If you application relates to currency, that might be a tricky one because floating point is not precise, so occasionally you can gain or lose cents due to rounding. Sometimes you can manipulate in integer cents instead of floating point dollars to speed things up and make them more precise.

Prefer Doubles to Floats

I generally prefer doubles to floats because they are less likely to introduce rounding errors. The C++ compiler will often promote floats to doubles as it passes them to standard library functions even for calculations with basic operators. Using doubles generally makes your code and the compiler’s generated machine code a little bit less complicated.

Rounding very frequently can become a concern, so you will need to consider conversions between integer and floating point, sequence of evaluation within equations, accumulated errors within loops, and normalization of very large and very small values when used together.

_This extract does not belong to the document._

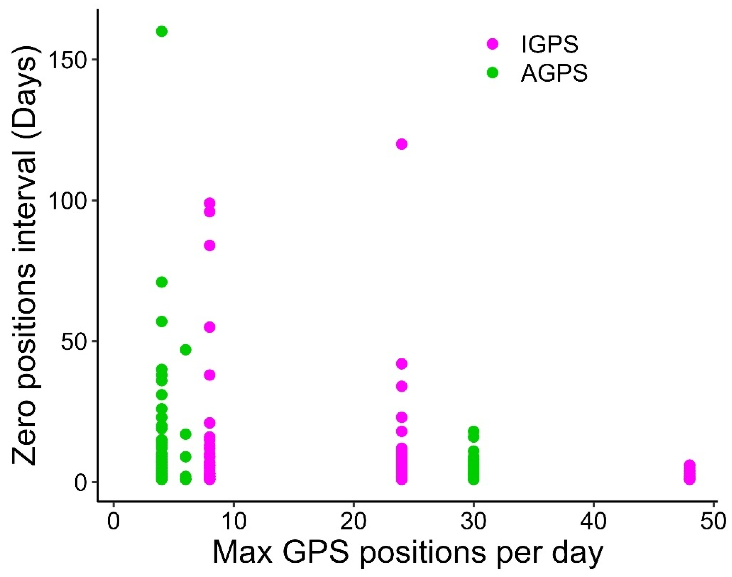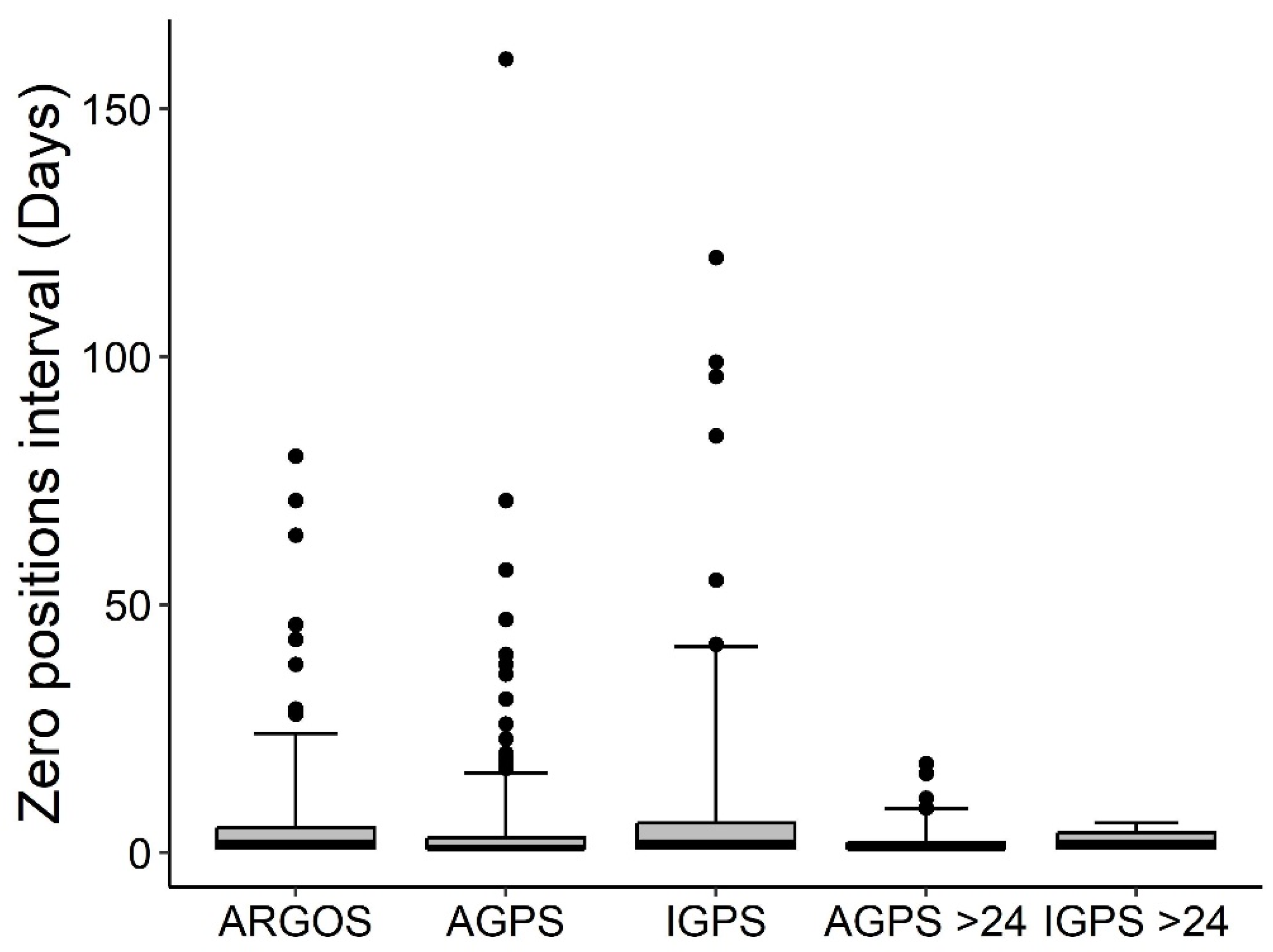 | ARGOS °, ARGOS-GPS, Iridium * | ZPI | ARGOS > ARGOS-GPS | Lk− | I− | − | n/a | n/a | Neg Binomial | 1094 | 0.51 |

You will wish to validate the ranges of both inputs and outputs, and sometimes intermediate values to insure things have not gone wrong.

Size Matters

To insure your results have precise values, you may need to understand the range and representation of the floating point types, and a little bit of numerical analysis. http://en.wikipedia.org/wiki/Floating_point has a lot of cool information.

As another down vote for floats in favor of doubles consider that a 32-bit float will burn eight bits for the exponent, and the mantissa part that holds a scaled version of your value will need to fit in 23 bits after you account for the sign of the mantissa. 2^23 is not particularly big. If you want to count from one to 10 million, you might want to use a 32 bit integer or a double.

Underlying architecture

If you have hardware floating point, generally it is OK to use it. If you don’t, highly optimized libraries on fast clocked fix point processors may still cope very well.

If you have a eight bit embedded work horse, learn how to scale and normalize inputs and by all means, carefully implement your repetitious and time consuming calculations using fixed point. I am an Arduino documentation fan, even though my taste is to use beefier hardware when I work on embedded systems. The following link has a good discussion of what to do when your environment doesn’t have native floating point and your compiler only gives you floats (but no doubles).

http://www.sparkfun.com/tutorials/317

Many fixed point oriented architectures (for example, some Digital Signal Processors (DSP)) can help you with hardware instructions like multiply – accumulate, and often include very capable instructions to help multiply or do arithmetic shifts using integers. Details for using these may be performed by the compiler or by libraries, so it pays to learn as much as you can about your processor, particularly if you work on DSP or embedded projects.